Suppose the position of the particle at time \(t_0\) is \(x_0\) and the position at time \(t_1\) is \(x_1\). Then write \(\psi(t_0,t_1,x_0,x_1)\) for the action minimising path from \(x_0\) to \(x_1\). So
\(\psi(t_0,x_0;t_1,x_1) = \min_x\int_{t_0}^{t_1}(\frac{1}{2}m\dot{x}^2-V(x))dt\)
where we're minimising over all paths \(x\) such that \(x(t_i)=x_i\).

Now suppose our system evolves from time \(t_0\) to \(t_2\). We can consider this to be two stages, one from \(t_0\) to \(t_1\) followed by one from \(t_1\) to \(t_2\). Let \(\phi\) be the minimised action analogous to \(\psi\) for the period \(t_1\) to \(t_2\). The action from \(t_0\) to \(t_2\) is the sum of the actions for the two subperiods. So the minimum total action for the period \(t_0\) to \(t_2\) is given by
\(\psi(t_0,x_0;t_2,x_2) = \min_{x_1}(\psi(t_0,x_0;t_1,x_1)+\psi(t_1,x_1;t_2,x_2))\)

Let me simply that a little. I'll use \(\psi(t,x)\) where I previously used \(\psi(t_0,x_0;t,x)\) and \(\phi(x_1,x_2)\) for \(\psi(t_1,x_1;t_2,x_2)\). So that last equation becomes:
\(\psi(t_2,x_2)=\min_{x_1}(\psi(t_1,x_1)+\phi(x_2-x_1))\)

Now suppose \(\phi\) is translation-independent in the sense that \(\phi(x s,x' s)=\phi(x,x')\). So we can write \(\phi(x_1,x_2)=\phi(x_2-x_1)\). Then the minimum total action is given by
\(\psi(t_2,x_2)=\min_{x_1}(\psi(t_1,x_1)+\phi(x_2-x_1))\)

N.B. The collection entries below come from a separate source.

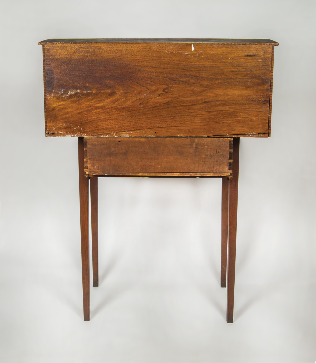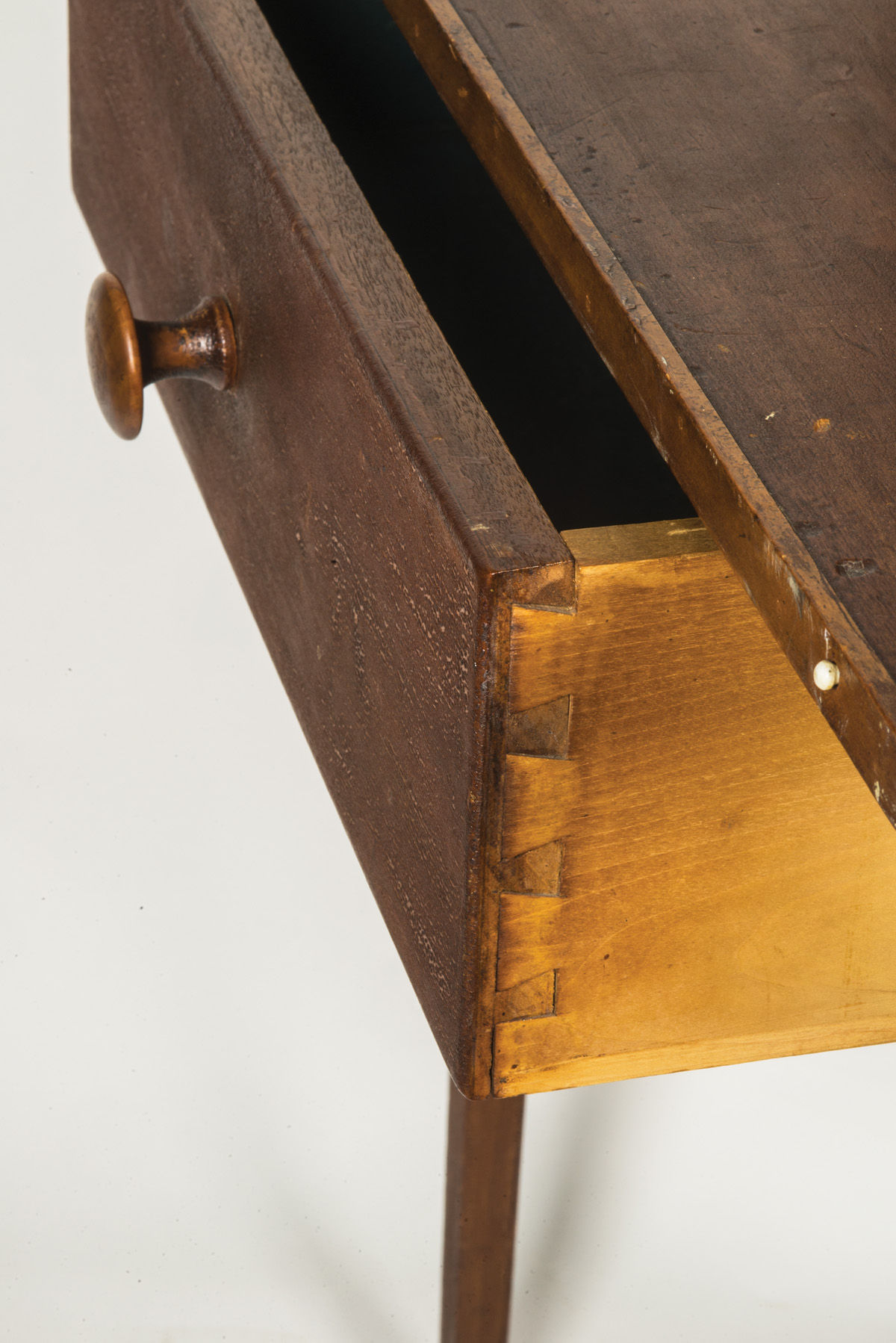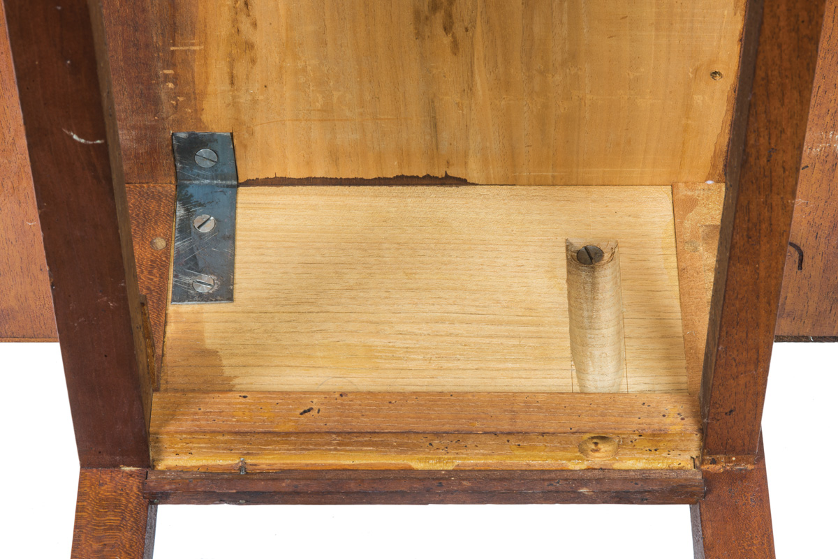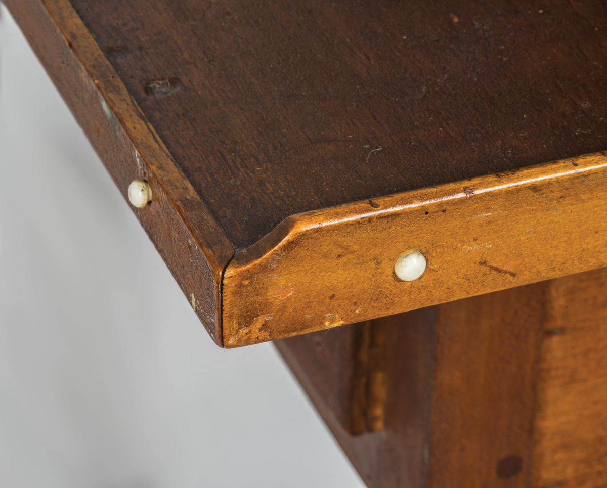 Butternut, poplar and tiger maple, original red stained finish, tiger maple cased six-drawer add-on top with white porcelain pulls, over a raised gallery top with tiny white porcelain hangers around the edge, single dovetailed drawer with finely turned cherry pull, on tapered square legs, two splits on top of table, small missing piece of veneer on left bottom drawer front, New Lebanon, NY, c. 1840, (add-on top c. 1870-1880), 37 1/2″ h, 27″ w, 17 1/2″ d, (ex. James Brown collection, Lee, MA).
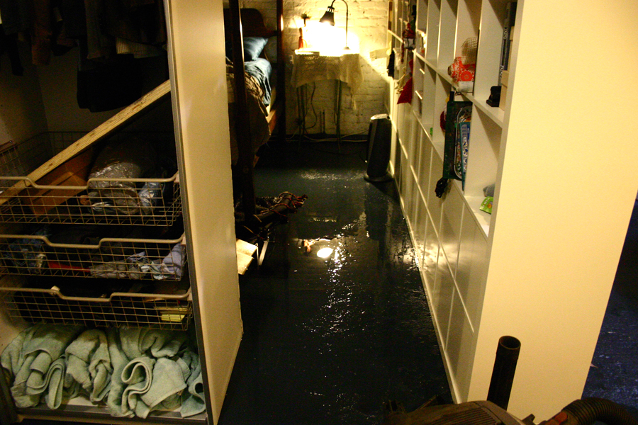 I’ve mentioned floods several times in these posts, but haven’t gone into specifics about any them, so let me quickly explain before I talk about the big one. We have a drain on our roof that sends rain water from up there, down through a large pipe that is inside the apartment on one wall. That water goes into our main drain along with all the sink or shower or toilet water. There are also two holes in the floor, one is an old pipe opening and one is a drain in the bedroom area. Most of the floods in the beginning involved one of the toilets overflowing in the back of the apartment, and draining all the way into that area in the bedroom because there is a slight slant to the floor. This was a lot of water because it went really far, but at least it went somewhere (into that drain). We had Roto-Rooter come a few separate times to snake the drain in the floor and everything seemed fine for a few days or weeks.
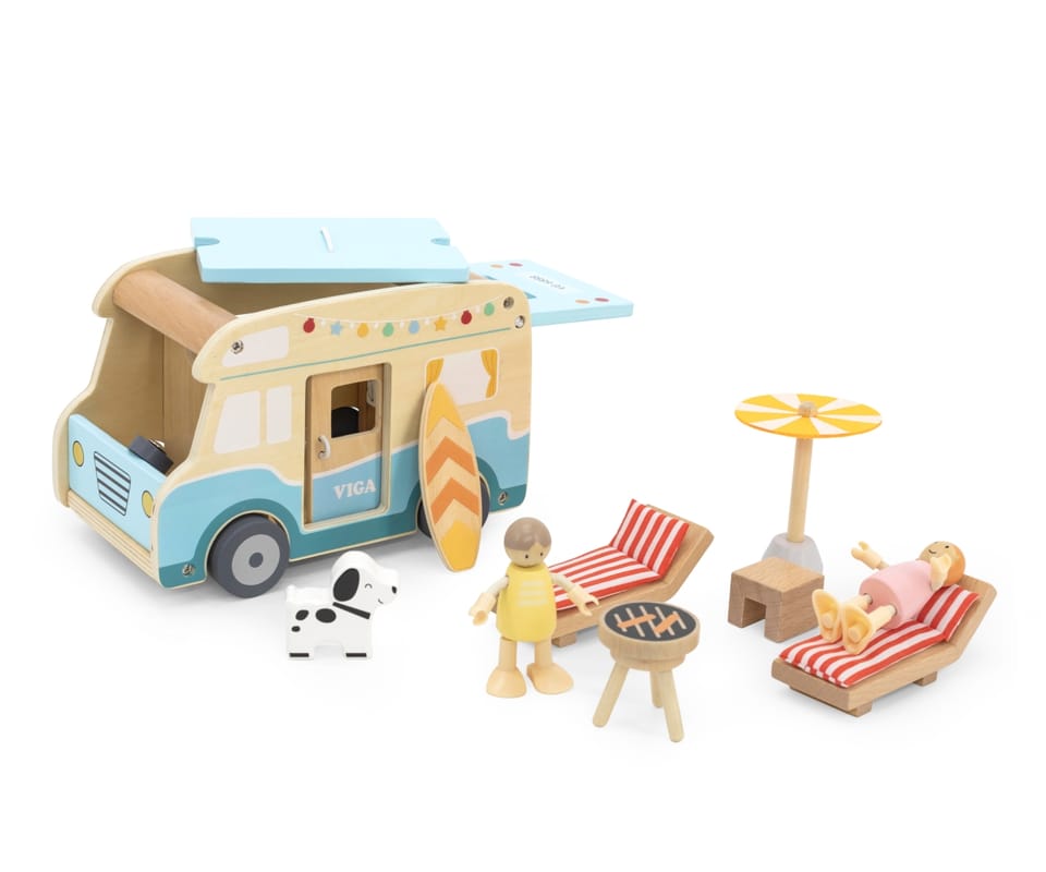Viga 44688 Drewniany Kamper to wyjątkowa zabawka, która przeniesie dzieci w świat wakacyjnych przygód i letnich podróży! Zestaw jest inspirowany beztroskimi wyjazdami nad morze, a dzięki precyzyjnym detalom i realistycznym funkcjom, jak przesuwane drzwi, podnoszony dach, czy bagażnik dachowy na deskę surfingową, zapewnia Dziecku godziny angażującej i kreatywnej zabawy. Kamper posiada bogaty zestaw akcesoriów, w tym dwie lalki, pieska, leżaki z poduszkami, parasol plażowy, grill, a nawet deskę surfingową, co pozwala na odtwarzanie różnorodnych scenariuszy zabawy. Dzieci mogą odgrywać role związane z podróżowaniem, odpoczynkiem na plaży czy organizowaniem pikniku.Solidna, drewniana konstrukcja oraz starannie dobrane w pastelowej kolorystyce, nietoksyczne farby sprawiają, że zabawka jest nie tylko estetyczna, ale także bezpieczna dla najmłodszych. Zestaw został zaprojektowany z myślą o rozwoju wyobraźni, zdolności manualnych i umiejętności społecznych dzieci, oferując jednocześnie wielogodzinną, twórczą zabawę. Idealny dla maluchów, które kochają przygody i marzą o własnym mobilnym domku na kółkach!W zestawie:- 2 drewniane figurki lalek chłopca i dziewczynki,- 2 leżaki z poduszkami,- stolik boczny,- grill,- parasol plażowy,- deska surfingowa,- toaleta,- figurka uroczego pieska,- pojazd posiada przesuwane drzwi,- podnoszony dach, - bagażnik dachowy na deskę surfingową,- łatwo otwierany bagażnik samochodowy.Zalety produktu:Wielofunkcyjność – zestaw obejmuje liczne akcesoria (lalki, leżaki, grill, parasol, piesek itp.), które zapewniają różnorodne możliwości zabawy i angażują dziecko na długie godziny.Rozwój wyobraźni – drewniany kamper i akcesoria umożliwiają Dziecku tworzenie kreatywnych scenariuszy, takich jak wakacyjne przygody, plażowe wycieczki czy grillowanie na świeżym powietrzu.Realistyczne szczegóły – kamper posiada funkcje, takie jak przesuwane drzwi, podnoszony dach, czy bagażnik na deskę surfingową, co nadaje zabawie realizmu i wzmacnia doznania z odgrywania ról.Rozwój umiejętności społecznych – Dziecko może bawić się w grupie, co sprzyja nauce dzielenia się, współpracy i komunikacji.Wspieranie zdolności manualnych – zabawa z ruchomymi elementami, takimi jak drzwi kampera czy akcesoria, rozwija precyzję ruchów dłoni i koordynację ręka-oko.Nauka przez zabawę – dziecko uczy się podstawowych pojęć związanych z podróżowaniem, planowaniem wycieczek, odpoczynkiem, a także porządkiem w otoczeniu (np. przechowywanie akcesoriów w bagażniku).Bezpieczna zabawa – zabawka wykonana jest z wysokiej jakości drewna i wykończona nietoksycznymi farbami, co zapewnia bezpieczeństwo podczas zabawy.Korzyści dla Dziecka:- Poprawa zdolności manualnych podczas układania elementów i manipulowania akcesoriami,- Rozwój wyobraźni dzięki odgrywaniu różnych scenariuszy związanych z podróżami i wakacjami,- Wspieranie interakcji społecznych, gdy dziecko bawi się wspólnie z rodzeństwem lub przyjaciółmi, rozwijając przy tym umiejętności komunikacyjne,- Nauka podstawowych pojęć związanych z podróżami, odpoczynkiem i rekreacją, w przyjazny i angażujący sposób.Jak korzystać z produktu:Dzieci mogą bawić się lalkami i pieskiem oraz akcesoriami odgrywając różne scenariusze związane z wyjazdami na wakacje. Mogą wyobrazić sobie, że jadą na plażę, biwakują na świeżym powietrzu lub surfują na falach, używając do tego dołączonej deski surfingowej. Tworzenie kempingowej atmosfery. Kamper ma otwierane drzwi, podnoszony dach i bagażnik, co pozwala Dzieciom z łatwością otwierać pojazd i zorganizować kemping. Mogą rozłożyć leżaki, ustawić parasol plażowy, a następnie przygotować wyimaginowany posiłek na grillu. Zestaw świetnie nadaje się do zabawy w grupie – dzieci mogą dzielić się rolami, np. jeden maluch kieruje kamperem, drugi przygotowuje grill, a trzeci pilnuje pieska. To doskonała okazja do rozwijania umiejętności współpracy i komunikacji. Maluchy mogą przesuwać drzwi, podnosić dach i otwierać bagażnik, by ustawić wszystkie akcesoria wewnątrz kampera. To uczy dzieci porządku i organizacji, rozwijając przy tym motorykę małą.Elementy zabawki zostały zapakowane w estetyczny, kolorowe pudełko, dzięki temu estetycznemu opakowaniu zabawka jest idealna na prezent! Całość wykonana została z drewna bukowego i pomalowana farbami, które zadowolą każdego użytkownika i dadzą mnóstwo radości z zabawy.Naszym priorytetem jest bezpieczeństwo i jakość oferowanych produktów, dlatego dbamy o to aby farby, którymi malujemy nasze zabawki spełniały normy bezpieczeństwa (EN71 i ASTM). Zabawka przeznaczona dla dzieci powyżej 3 roku życia.Wymiary produktu:Dł.190 mm x wys. 150 mm x szer. 118 mmWymiary opakowania:Dł.235 mm x wys. 150 mm x szer. 150 mmWaga netto: 0,6 kgWaga brutto: 0,7 kgIlość kartonowa: 8 szt.Opisy

Infimal convolution is defined by
\((f\odot g)(x) = \min_s(f(s)+g(x-s))\)
so the minimum we seek is
\(\psi(t_2,x_2) = (\psi(t_1,\cdot)\odot\phi)(x_2)\)

So now it's natural to use the Legendre transform. We have the inf-convolution theorem:
\((f\odot g)^\ast=f^\ast+g^\ast\)
where \(f^\ast\) is the Legendre transform of \(f\) given by
\(f^\ast(p) = \sup_x(px-f(x))\)
and so \(\psi^\ast(t_2,p) = \psi^\ast(t_1,p)+\phi^\ast(p)\) (where we use \(\ast\) to represent Legendre transform with respect to the spatial variable).

Let's consider the case where from \(t_1\) onwards the particle motion is free, so \(V=0\). In this case we clearly have translation-invariance and so the time evolution is given by repeated inf-convolution with \(\phi\) and in the "Legendre domain" this is nothing other than repeated addition of \(\phi^\ast\).

Let's take a look at \(\phi\). We know that if a particle travels freely from \(x_1\) to \(x_2\) over the period from \(t_1\) to \(t_2\) then it must have followed the minimum action path and we know, from basic mechanics, this is the path with constant velocity. So
\(T = \frac{1}{2}m(x_2-x_1)^2/(t_2-t_1)^2\)
and hence the action is given by
\(\phi(s) = \frac{1}{2}ms^2/(t_2-t_1)\)
So the time evolution of \(\psi\) is given by repeated inf-convolution with a quadratic function. The time evolution of \(\psi^\ast\) is therefore given by repeated addition of the Legendre transform of a quadratic function. It's not hard to prove that the Legendre transform of a quadratic function is also quadratic. In fact:
\(\phi^\ast(p) = \frac{1}{8}mp^2(t_2-t_1)^2\)
Addition is easier to work with than inf-convolution so if we wish to understand the time evolution of the action function it's natural to work with this Legendre transformed function.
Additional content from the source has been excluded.